MARKET REPORT: Recruiters’ shares slump after analysts warn that artificial intelligence may put them out of a job
While much of the public is sceptical – or even downright scared – of artificial intelligence, businesses are finding it more helpful than ever.
Unless, that is, they specialise in recruitment. Credit Suisse analysts took aim at UK recruiting firms as they warned technology will erode much of the industry.
The need for recruiting consultants will never be fully phased out, they stressed, particularly for contract jobs and specialist roles.
Credit Suisse analysts took aim at UK recruiting firms as they warned technology will erode much of the industry
But administrative jobs are most at risk of being automated and gradually phased out because of AI.
Elsewhere, the boom in online CV libraries and networks such as LinkedIn mean much of the hiring for permanent jobs can be moved to in-house departments.
And gig economy workers have access to platforms and apps to manage their own employment.
The barrage of challenges technology poses piles more gloom on to a sector that is struggling with sluggish hiring in Germany and is bracing for a slowdown in their Asia-Pacific divisions as a result of the coronavirus outbreak.
Robert Walters shares fell 3.6 per cent, or 20p, to 530p, while Page Group shed 5.8 per cent, or 23.4p, to 383p, after they were both downgraded from ‘outperform’ to ‘underperform’, and had the target prices on their shares trimmed.

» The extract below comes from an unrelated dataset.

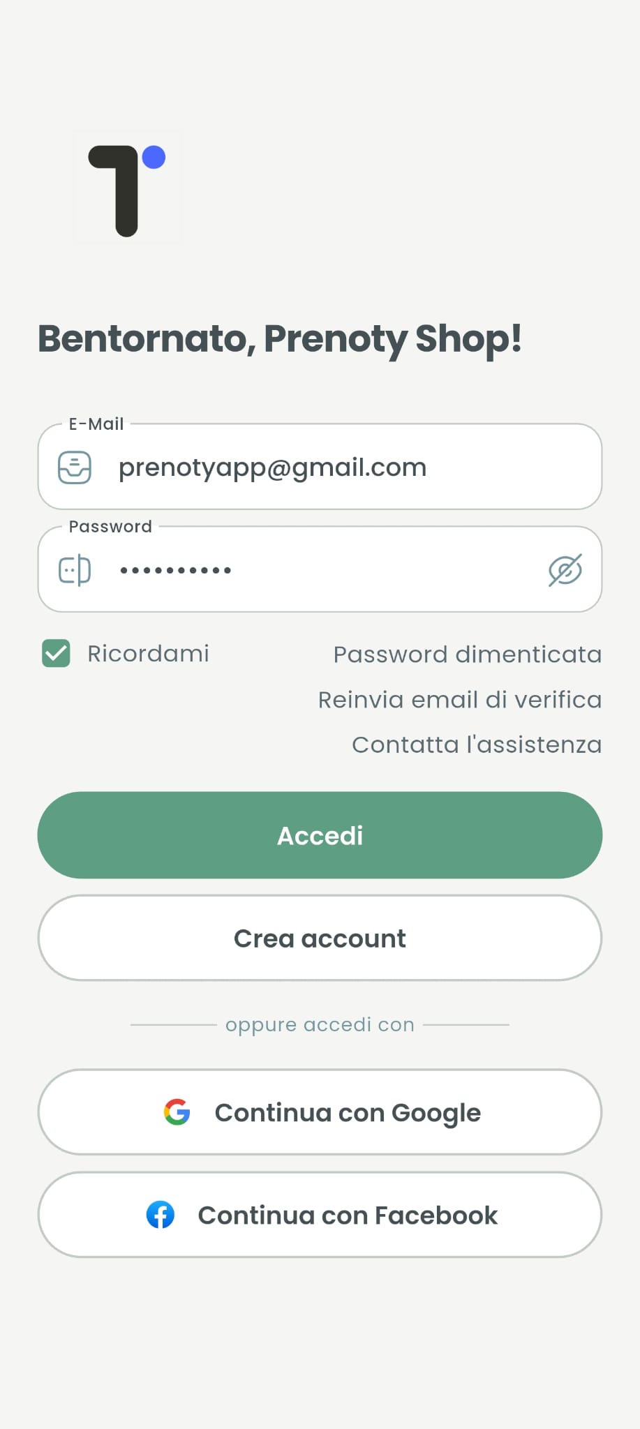 Creare un account Prenoty è semplice e veloce. Puoi registrarti con email e password oppure accedere tramite Google o Apple.

Hays retained its ‘underperform’ rating, though its shares were moved from 150p to 135p. Analysts said it has ’embraced technological changes for many years’ – though they noted that hasn’t helped the company’s margins. It dropped 2 per cent, or 2.7p, to 135.6p.
Stock Watch – Johnson Service Group
Laundry and workwear specialist Johnson Service Group saw its shares jump after hiking its dividend 13 per cent.
It will hand investors 3.5p per share for 2019, after revenues and profits climbed by 9 per cent and 15 per cent respectively.
The firm, which offers laundry services to hotels and restaurants and is the UK’s largest provider of rentable work uniforms, said it did a good job of holding on to customers last year, as well as winning new business. Shares rose 7.6 per cent, or 14p, to 197p.
SThree bucked the trend – rising 1.7 per cent, or 5.5p, to 323p and keeping a ‘neutral’ rating, mostly because it focuses mostly in STEM markets.
While the threat of the coronavirus looms over recruiting firms, the FTSE 100 shook off immediate concerns about the disease – which triggered sharp drops last week.
London’s premier index rose 1.1 per cent, or 74.28 points, to 6654.89 last night – though the FTSE 250 stayed in the red, closing down 0.15 per cent, or 29.22 points, to 19301.7.
The mid-cap index was dragged down by double-digit falls from car maker Aston Martin and cinema chain Cineworld.
Aston, which put out dire results last week, crashed to a record low of 291p after plunging 13.9 per cent, or 47p – a fraction of the 1900p it floated at less than 18 months ago.
Yesterday’s drop wasn’t connected to any news from the company, but the effect of the Covid-19 outbreak on both sales in China – a key market – and on the now-cancelled Geneva Motor Show –where it planned to relaunch its Vantage car – won’t have helped.
Cineworld (down 10.8 per cent, or 16.7p, to 138.5p) is also thought to be suffering from coronavirus anxieties – analysts have warned that cinemas could see attendance dive as people minimise contact with strangers, instead of entering a dark room surrounded by people they don’t know for hours.
Mid-cap engineering group Senior expects to return to growth in 2021 despite profits falling 53 per cent to £28million last year.
The group supplies parts to Boeing’s 737 Max planes which have been grounded after two deadly crashes. Senior shares climbed 4.2 per cent, or 5.9p, to 147.1p.
Military equipment maker Avon Rubber fell 4.2 per cent, or 115p, to 2615p, despite winning a £207million armour contract for the US. Avon – which also has a dairy arm – is set to enter the FTSE 250.
And Liberum brokers were upbeat about struggling retailer Card Factory (up 3.6 per cent, or 2.9p, to 81.6p), upgrading the greeting cards chain from ‘hold’ to ‘buy’, saying a 49 per cent drop in its share price over the past three months is ‘very harsh’.